#### ABOUT THIS TASK:
Give back exactly the lines of the material below that start at the one holding "Очистіть цибулю та" and end at the last line, minus the pictures.

#### GIVEN INFORMATION:
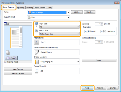 Pasirinkite popieriaus formatą [Output Size] (Išvesties dydis)
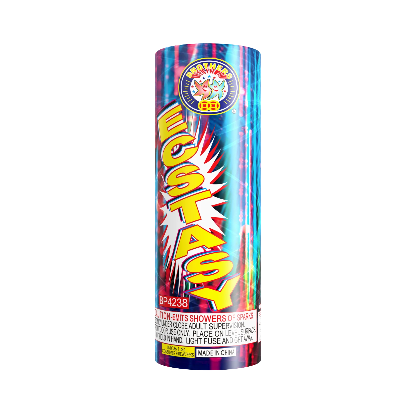 Jumping and bounding, flipping and sliding, the Super Fountain does it all. Red and green then purple and green stars with crackling, silver whistles, red, blue and green stars with chrysanthemums, silver tail with whistles and a big end with yellow and green stars with silver crackling.
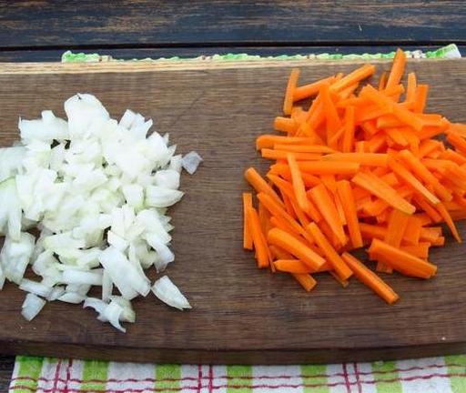 Очистіть цибулю та моркву. Цибулю наріжте кубиками, моркву – соломкою.
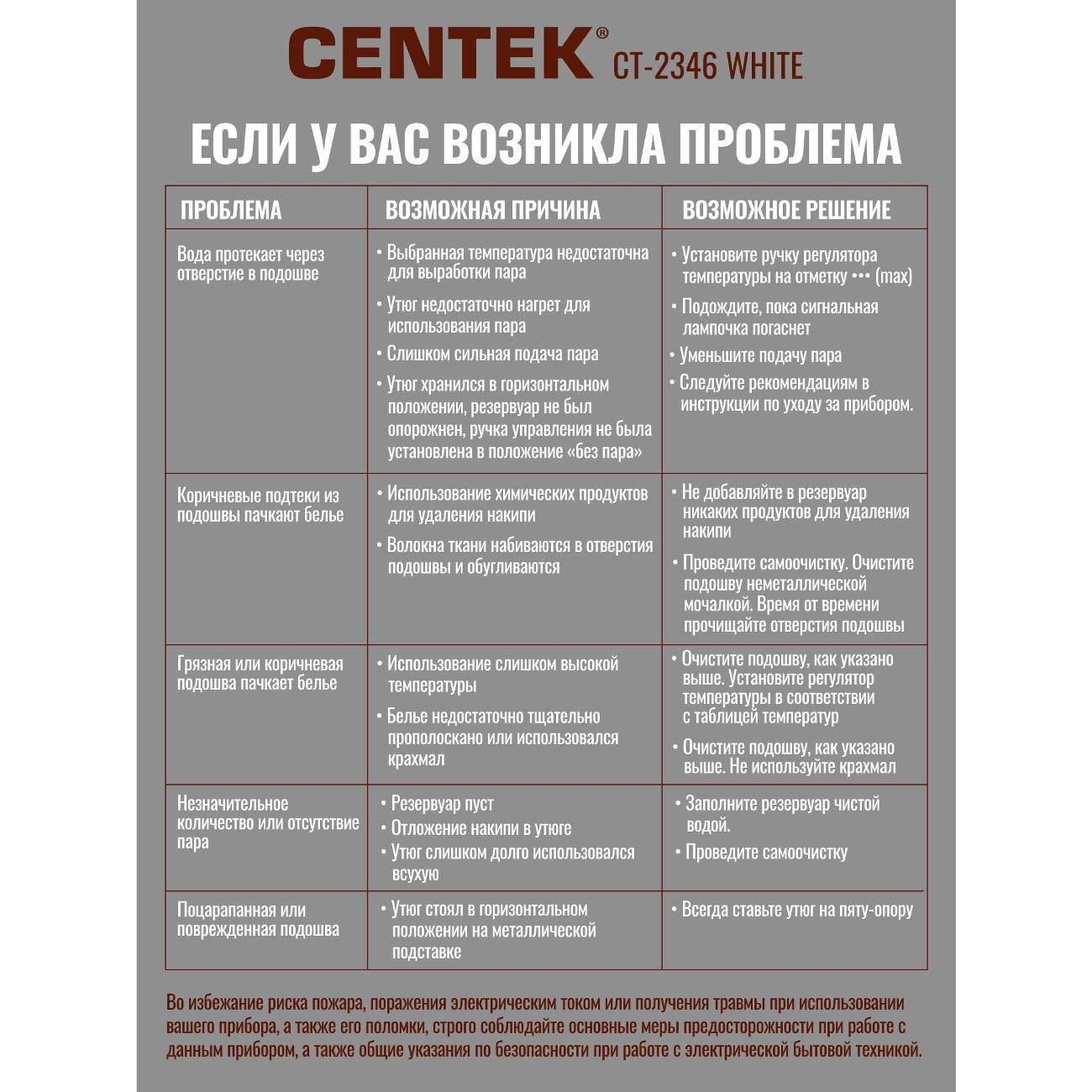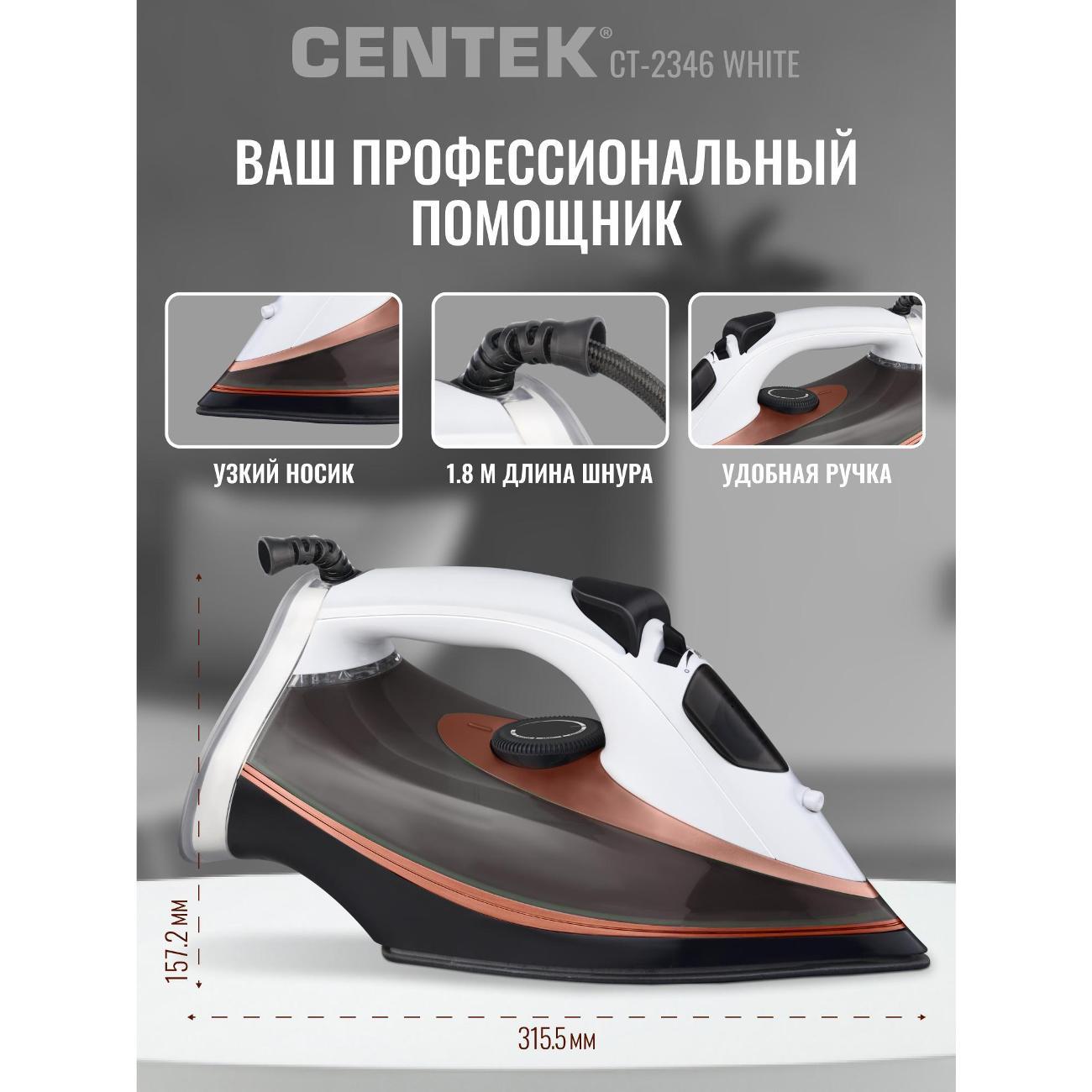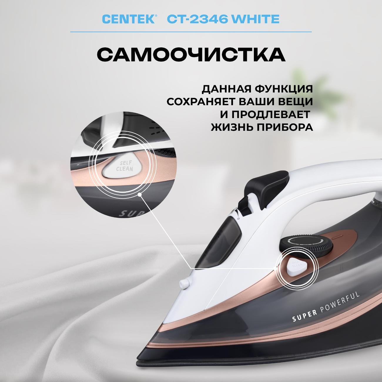 Вы можете купить Утюг Centek CT-2346 White в магазинах М.Видео по доступной цене. Утюг Centek CT-2346 White: подробное описание, фото и отзывы реальных покупателей, характеристики, возможность скачать инструкции и подобрать аксессуары.

#### FINAL ANSWER:
 Очистіть цибулю та моркву. Цибулю наріжте кубиками, моркву – соломкою.
 Вы можете купить Утюг Centek CT-2346 White в магазинах М.Видео по доступной цене. Утюг Centek CT-2346 White: подробное описание, фото и отзывы реальных покупателей, характеристики, возможность скачать инструкции и подобрать аксессуары.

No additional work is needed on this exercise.